What It Takes: The Way to the White House
- First edition
- Author: Richard Ben Cramer
- Language: English
- Subject: 1988 United States presidential election
- Genre: Non-fiction
- Publisher: Random House
- Publication date: June 23, 1992
- Publication place: United States
- Media type: Print (hardcover and paperback)
- Pages: 1,047
- ISBN: 978-0394562605

= What It Takes: The Way to the White House =

1992 book by Richard Ben Cramer

What It Takes: The Way to the White House is a nonfiction book about the 1988 United States presidential election written by Richard Ben Cramer and published in 1992. It follows the campaigns of Republicans George Herbert Walker Bush and Bob Dole and Democrats Joe Biden, Michael Dukakis, Dick Gephardt, and Gary Hart.

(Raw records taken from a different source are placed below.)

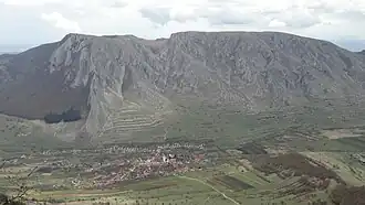 The Apuseni Mountains (Romanian: Munții Apuseni, lit. transl.'Western Mountains'; Hungarian: Erdélyi-középhegység, transl.'Transylvanian Mountains') is a mountain range in Transylvania, Romania, which belongs to the Western Romanian Carpathians. The highest peak is the Bihor Peak at 1,849 metres (6,066 ft). The Apuseni Mountains have about 400 caves.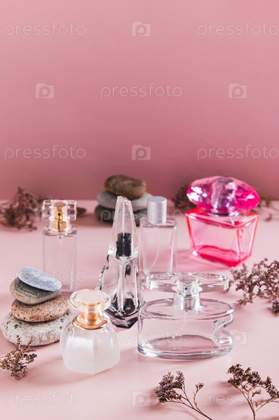 Красивое расположение парфюмерных бутылок в розовых тонах на столе с вертикальным видом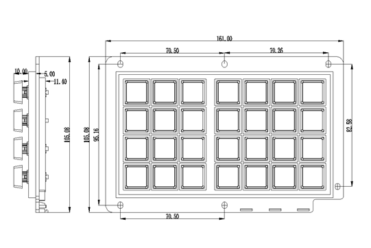 鍵開關(guān):采用全天然高品質(zhì)硅橡膠、薄膜和導(dǎo)電銀膠,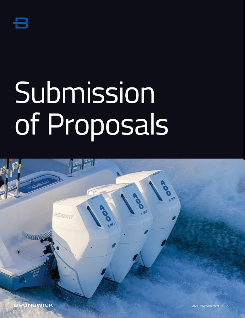 In order to be considered for inclusion in Brunswick’s proxy materials for our 2025 Annual Meeting, a shareholder proposal must be received at Brunswick’s principal executive offices at 26125 N. Riverwoods Blvd., Suite 500, Mettawa, Illinois 60045 (fax: 847-735-4433; email: corporate.secretary@brunswick.com) by November 20, 2024.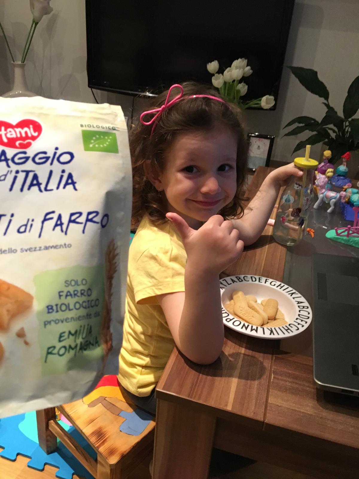 Ako posledné sme si uvarili Hami Bio detské cestoviny z tvrdej pšenice, regionálny výrobok z oblastí Talianska Apúlia a Toskánsko. Určené sú pre dojčatá a malé deti od ukončeného 6. mesiaca života. Jedno balenie je v tvare písmen abecedy a druhé v tvare kačičiek. My sme načali obe balenia naraz. Deti cestoviny milujú. My sme si písmenká uvarili podľa návodu a za sľubených 6-7 minút už plávali v nedeľnom vývare. Kačičky sme si urobili s boloňskou omáčkou a tvárili sme sa, že sme na fajnovom obedíku v Taliansku.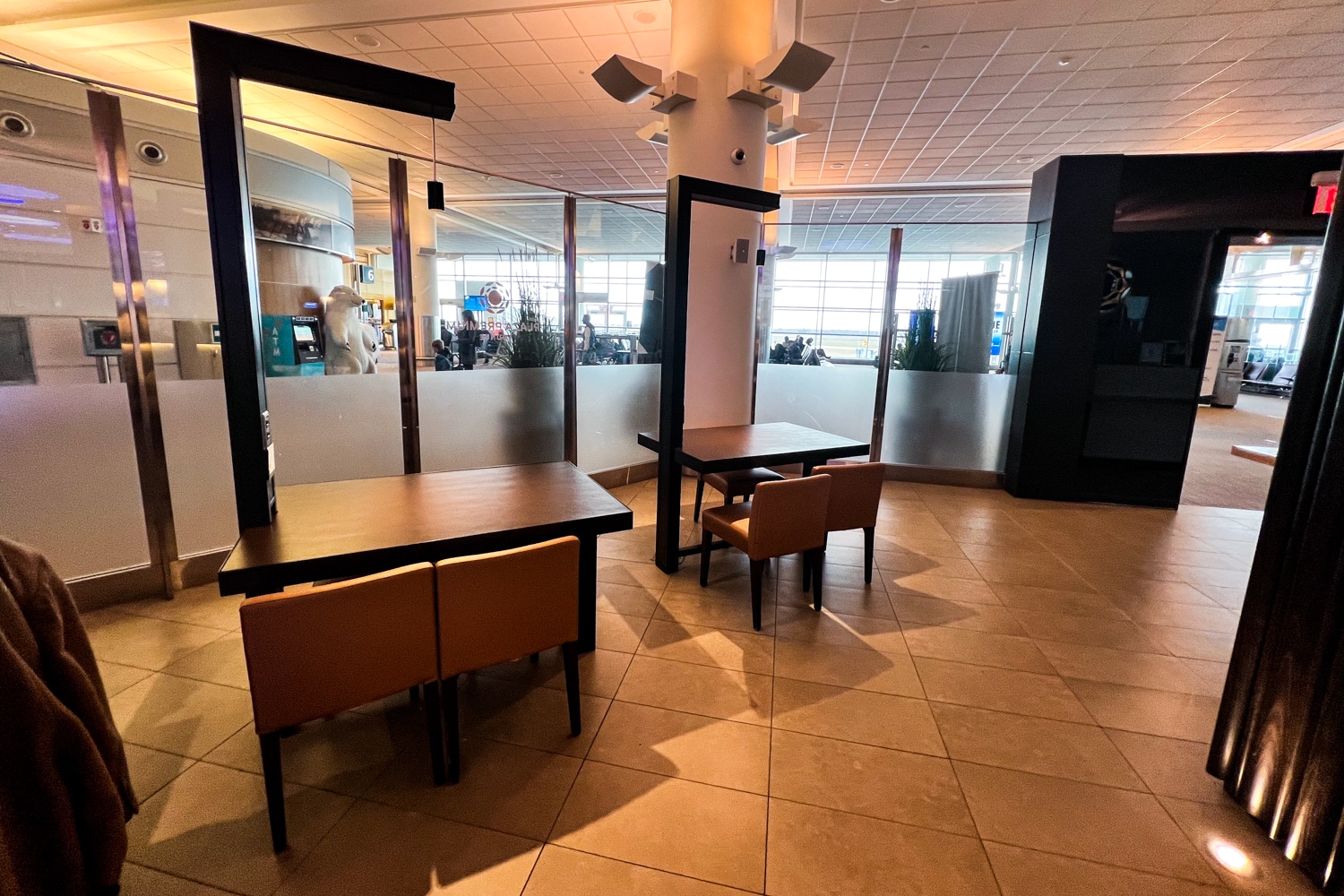 It’s also worth noting that there are no bathrooms located inside this lounge. Rather, you’ll have to venture outside into the departures concourse to access the facilities.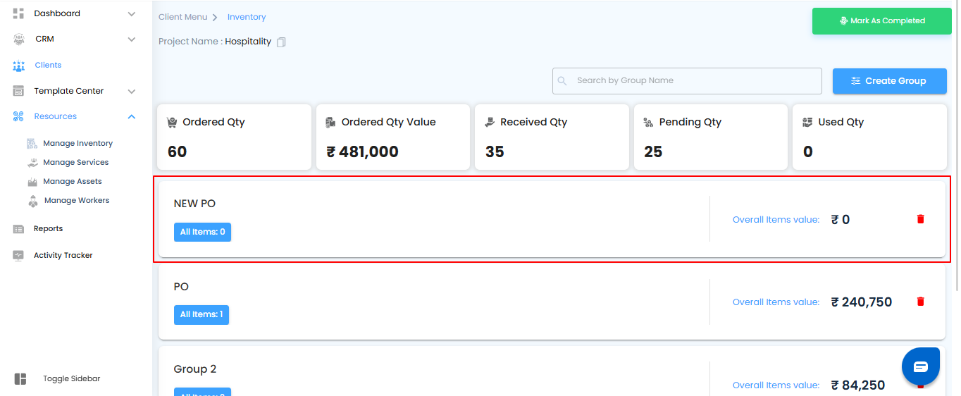 - Add items directly from a Purchase Order into your groups.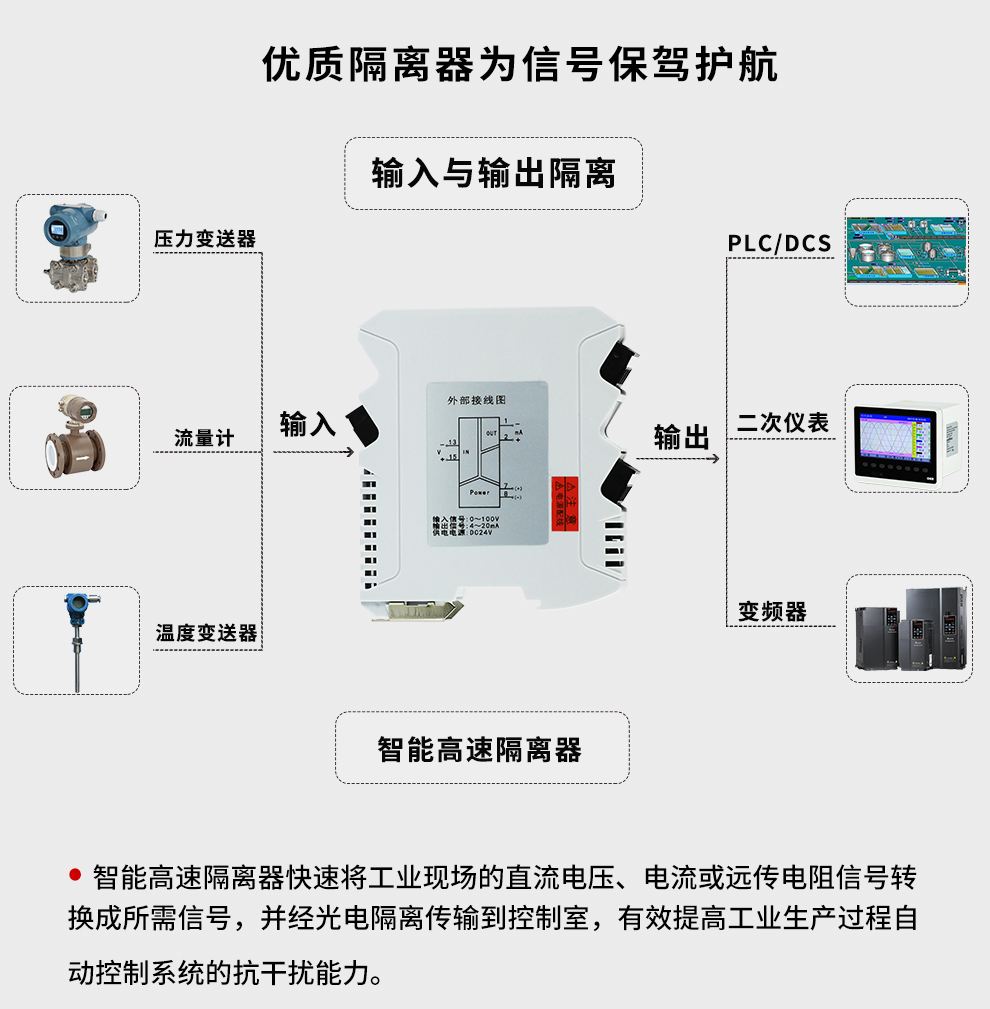 虹潤公司是專業(yè)生產(chǎn)隔離器的國家專精特新“小巨人”企業(yè)。生產(chǎn)的智能高速隔離器 ,具有電壓電流遠(yuǎn)傳電阻輸入,10ms快速響應(yīng),輸入輸出電源三隔離,高抗干擾,低功耗發(fā)熱低等特點(diǎn)。產(chǎn)品獲得信號隔離器、一種二端子模塊、無源信號隔離器等3項國家發(fā)明專利,主持起草現(xiàn)場設(shè)備工具(FDT)接口規(guī)范、工業(yè)過程測量和控制系統(tǒng)用隔離式安全柵、工業(yè)過程測量和控制系統(tǒng)用配電器等3項國家標(biāo)準(zhǔn),以及通信系統(tǒng)多通道數(shù)據(jù)采集控制終端規(guī)范軍用標(biāo)準(zhǔn)。取得智能高速隔離器等3項相關(guān)軟件著作權(quán)。參與國際5G標(biāo)準(zhǔn)制定。產(chǎn)品廣泛應(yīng)用于電力、石化,冶金、制藥、水處理、機(jī)械配套等各種工業(yè)現(xiàn)場。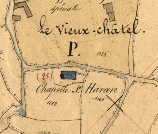 L'actuelle chapelle Saint-Haran fut construite en 1713 (porte la date) à l'emplacement d'une chapelle déclarée en ruine en 1703, dont l'évêque de Tréguier autorisa la reconstruction en 1706 (d'après René Couffon). Elle fut vendue à Yves Thomas le 29 octobre 1806 puis donnée à la fabrique le 5 juin 1816. Selon René Couffon l'acte de donation signalait la présence d'un cimetière autour de la chapelle.

The bulk of the book covers the early lives and political careers of the candidates, their campaigns leading up to the New Hampshire primary and the primary itself. Cramer spent six years researching and writing What It Takes.

== Reception ==

What it Takes was critically acclaimed and has been frequently cited by political aides and journalists as one of the most influential books ever written about politics. The Cleveland Plain Dealer called it "quite possibly the finest book on presidential politics ever written, combining meticulous reporting and compelling, at times soaringly lyrical, prose", while the San Francisco Chronicle called it "the ultimate insider's book on presidential politics...an unparalleled source book on the 1988 candidates."